Technically if you say you don’t recall and you do recall that’s still a lie-and still perjury if done in front of Congress, or a special prosecutor, or any court of law. But to convict you of lying they have to prove you do recall. And how exactly do you prove that?

And there’s the rub. One theory could be that Reagan was losing it and his Alzheimer’s hit prior to his leaving office.

Another could note that his extreme forgetfulness certainly was very helpful in beating the rap on Iran-Contra. As painful as that scene where he says it’s almost like he was never President at all, it actually served his purpose as it got him off the hook on Iran-Contra.

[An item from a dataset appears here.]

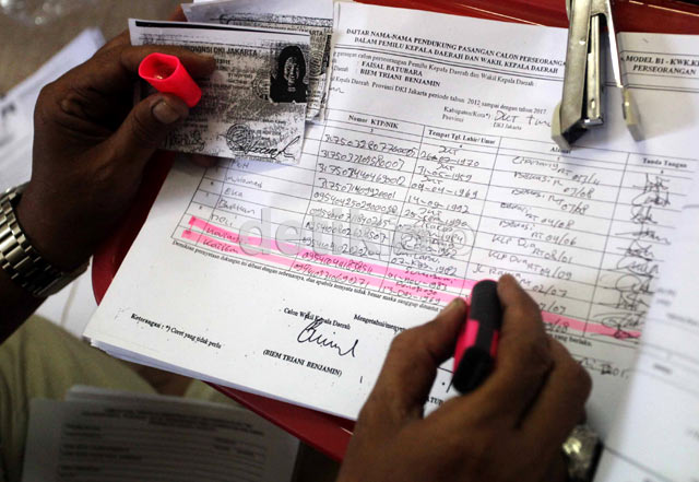 Satu persatu KTP dukungan pasangan bakal calon Gubernur DKI jalur independen diperiksa oleh petugas KPUD.

As for the Trump team, clearly the model is Iran-Contra and not Watergate. To be sure, Reagan acted more or less the opposite of Trump in his own investigation. He spoke in effusive terms of ‘welcoming the investigation to get at the truth of what happened.’

Nixon did speak of ‘welcoming this examination’ but he also went after the FBI, the State Department, the DOJ to weed out those disloyal to him-just like Trump today.

Reagan never took any shots at the special prosecutor or talked about Iran-Contra as fake news. And he outlasted it one way or the other.

The Nixon model on the other hand was about obstructing the investigation by hook or by crook-just like Trump is doing today.

UPDATE: Of course, Reagan’s VP, Bush Sr, was helped greatly by Coverup AG Bill Barr-the very same coverup artist who has done so much already to try to protect this illegitimate ‘President’ from the truth coming out.